Zerocalcare, nella prima parte del racconto dedicata all’infanzia, ci mostra il protagonista assieme ai sue due migliori amici, Secco e Sarah, affrontare una sfida rischiosa e contro le regole al solo scopo di essere integrati nel gruppo e non diventare dei reietti. Una sfida stupida che avrà delle ripercussioni importanti nel protagonista: beccati in flagrante dalla severa maestra Arbizzanti, Zerocalcare mentirà, incolpando Sarah per il misfatto. Questo porterà a delle importanti conseguenze sia su sé stesso, provando per la prima volta un opprimente senso di colpa rappresentato come un polpo aggrappato al suo collo, sia sugli altri protagonisti della storia: Sarah, arrabbiata per l’accaduto, arriva alla conclusione che ad avere fatto la spia sia stata Giulia Cometti, una compagna di classe per la quale non nutre una particolare simpatia. Intenta a vendicarsi, riesce ad accaparrarsi, con l’aiuto di Secco, il diario segreto della ragazza, rivelando a tutti i compagni i suoi segreti più profondi, come la sua cotta per il misterioso “Tenebroso”.

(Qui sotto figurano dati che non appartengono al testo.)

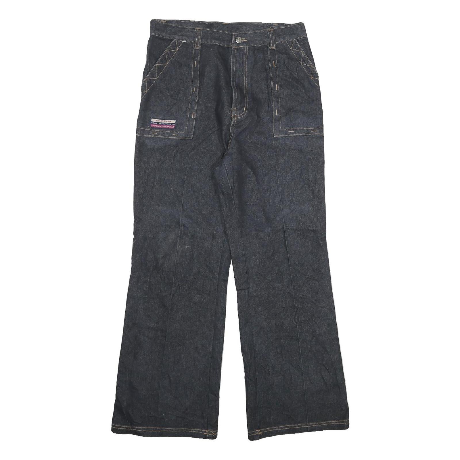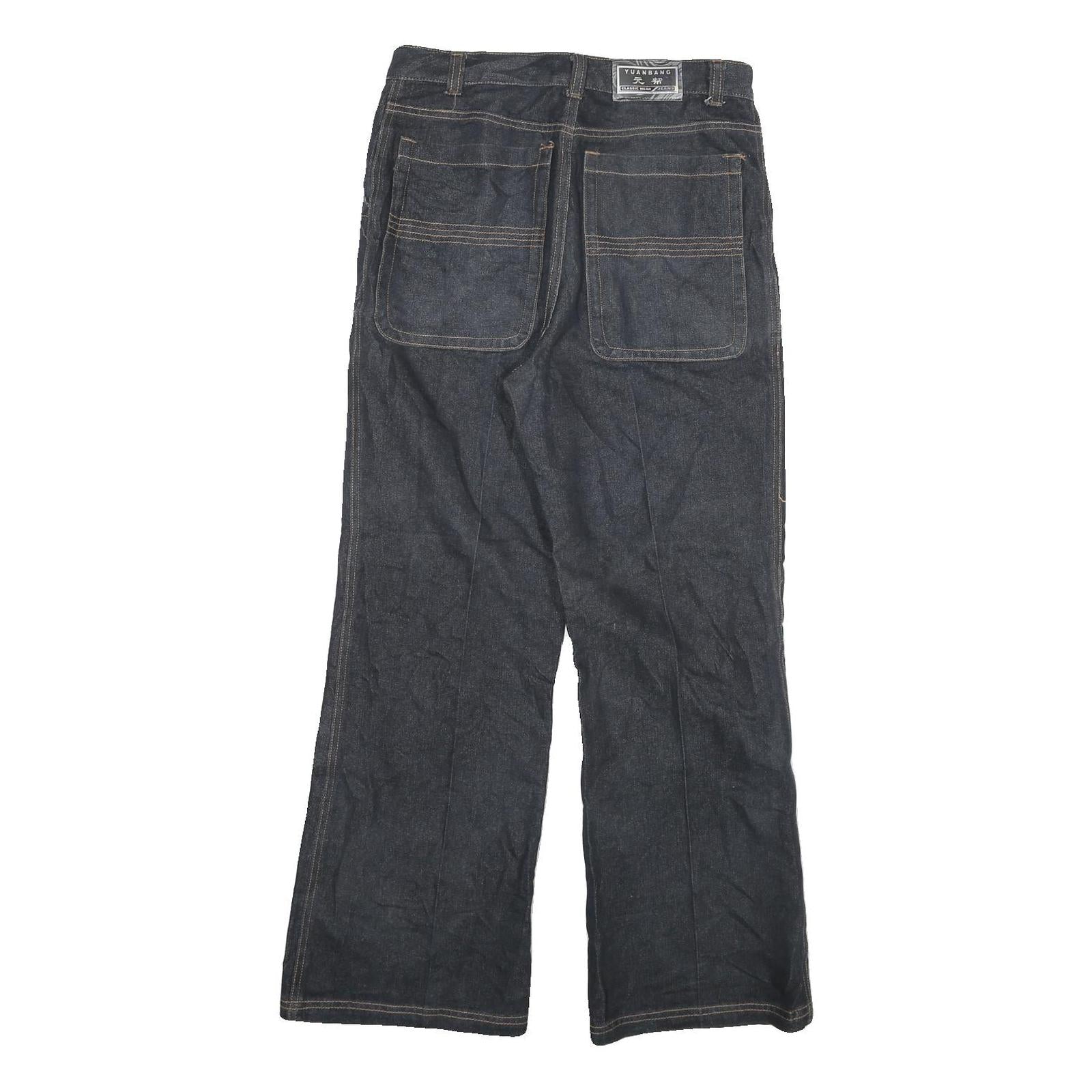 YUANBANG is known for crafting practical and stylish jeans merging traditional denim craftsmanship with modern touches. These pre-loved jeans remain in excellent condition, professionally cleaned and ready for wear, perfect for those seeking high-quality, classic denim with a contemporary wide-leg cut.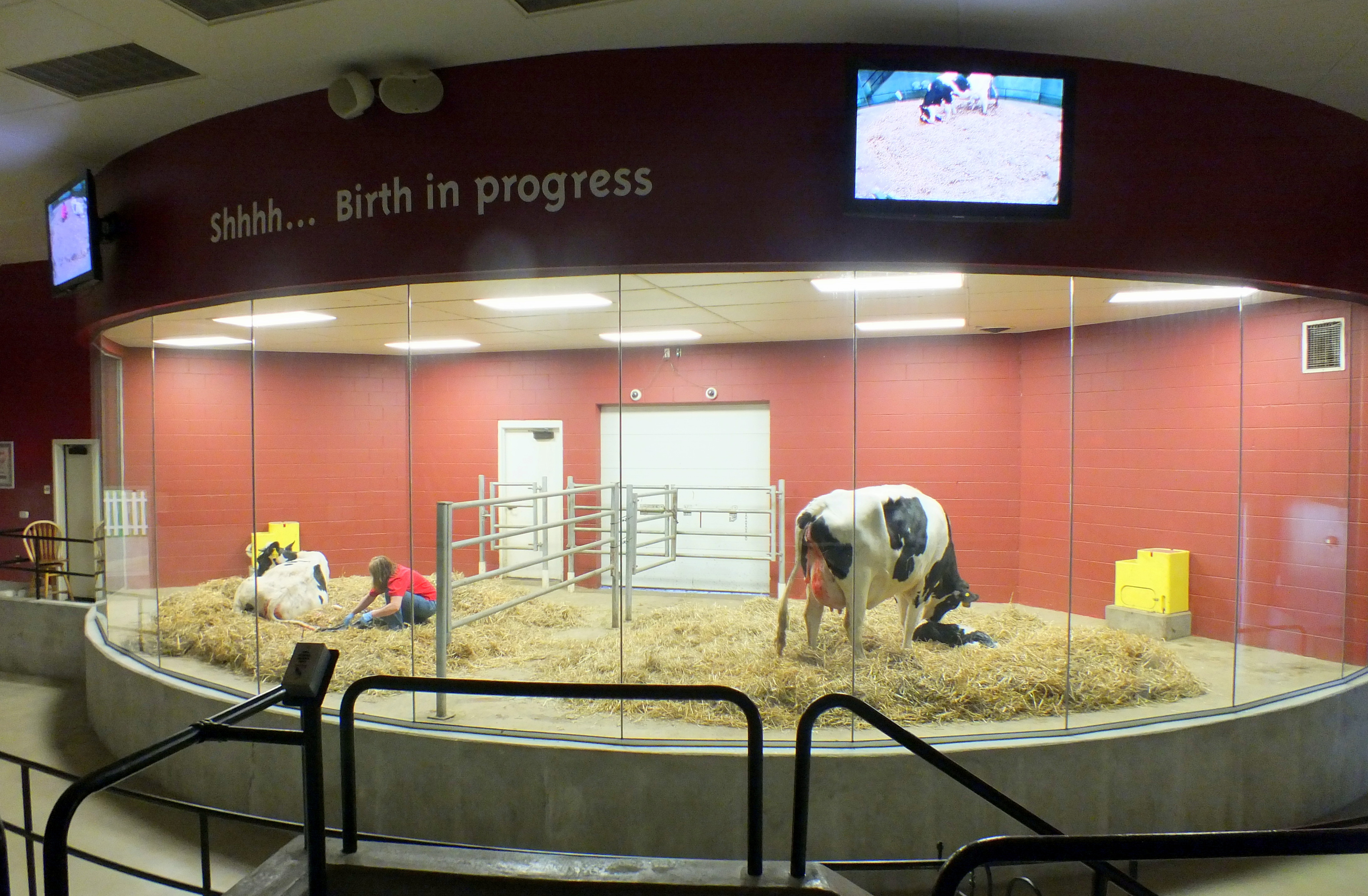 The light on the birthing barn was green, which mean a calf was being born. We rushed over and sat in the bleachers to see this.

Una bugia raccontata. Un polpo che si aggrappa alla gola. È così che nasce il senso di colpa. 
L’infanzia raccontata da Zerocalcare è l’infanzia di tutti. Il punto di inizio di quei traumi che poi rimangono per il resto della vita. Gesti innocenti che si tramutano in condanne, i cui unici imputati siamo noi stessi. Colpe scaturite da atti infantili che, per leggerezza d’ignoranza, non tengono conto delle inevitabili ripercussioni dal tratto indelebile su di sé e su chi ci sta attorno. 
Il bullismo domina l’ostile ambiente scolastico, intimando l’istinto di integrazione e sopravvivenza a compiere gesti estremi e crudeli, al solo scopo di non soccombere alla macchia della crudeltà. Macchia che, inevitabilmente, è comunque destinata a propagarsi ed insinuarsi nei rapporti, infangando il destino dei personaggi. 

L’adolescenza

A sedici anni, Zerocalcare è travolto dal pieno sconvolgimento adolescenziale, preda di etichette che lo costringono a un modello di persona da rispettare, alle volte in contrasto da ciò che lui vorrebbe essere. È in questo momento particolare della vita, che subentra la necessità dell’accettazione. Sentimento particolarmente sentito in un periodo pieno di cambiamenti, sia fisici che emotivi. 
Il protagonista, insieme al suo amico di sempre Secco, affronta nuovamente una sfida stupida, alla quale si aggiunge anche Sarah, verso la quale prova un opprimente senso di colpa per la bugia raccontata durante l’infanzia. In una particolare occasione, i ragazzi si interrogano anche sull’assenza di Alexandra, fidanzata di Steph, sorvegliante e figlio del preside. A rispondere a questa loro curiosità, ci pensa la professoressa Arbizzanti, raccontando loro particolari sulla vita passata di Steph, fra amicizie sbagliate e sparizioni misteriose. Durante la sfida, i tre ragazzi vengono aggrediti da Corrado, bullo divenuto ormai incontrollabile. Amareggiati per l’esito della prova, dubbiosi sul loro successo, temono che questo fallimento possa influenzare il percorso verso il raggiungimento dell’età adulta. Nonostante ciò, riescono a portare a casa un piccolo premio, che subito viene sequestrato dalla professoressa Arbizzanti.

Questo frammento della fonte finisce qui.